Epidemiological investigation

The local and regional public health services led the epidemiological investigation and the implementation of control measures. They interviewed suspected cases using a standardised measles questionnaire to identify the potential exposure including visits to healthcare centres, to determine links with confirmed cases and to trace contacts.

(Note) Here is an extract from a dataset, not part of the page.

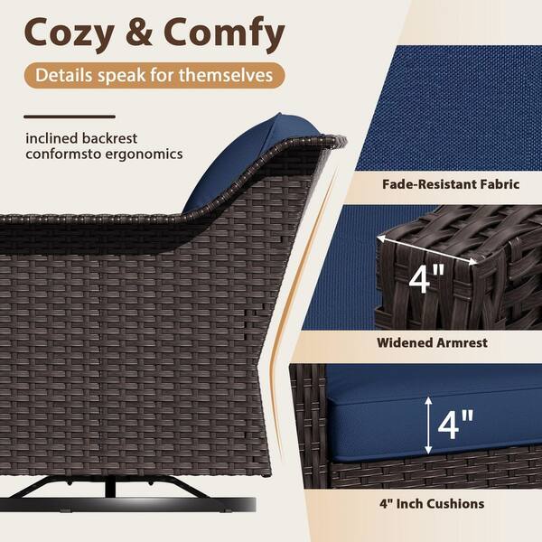 5-Piece Wicker Outdoor Patio Conversation Sectional Set With Blue Cushions

The questionnaire included items on demographic and clinical characteristics, complications, risk factors (e.g. recent travel and vaccination history) and laboratory results [9]. The questionnaires were then completed and submitted to the RENAVE.

Data analysis

Cumulative incidences (per 100,000 population) per region and per province were computed using population data (1 Jan 2018) from the Spanish National Institute of Statistics (INE) [16]. We calculated frequencies, proportions, medians and interquartile range, according to the type and distribution of the variables. These analyses were performed in Microsoft Excel and in RStudio (Version 1.4.1106) [17].

Results

Overall, 180 suspected cases linked to this measles outbreak were notified to the RENAVE. Of these, 148 were laboratory-confirmed, six were probable and 26 were excluded, as they did not meet the laboratory criteria for measles. Both laboratory-confirmed and probable cases were considered in our analyses.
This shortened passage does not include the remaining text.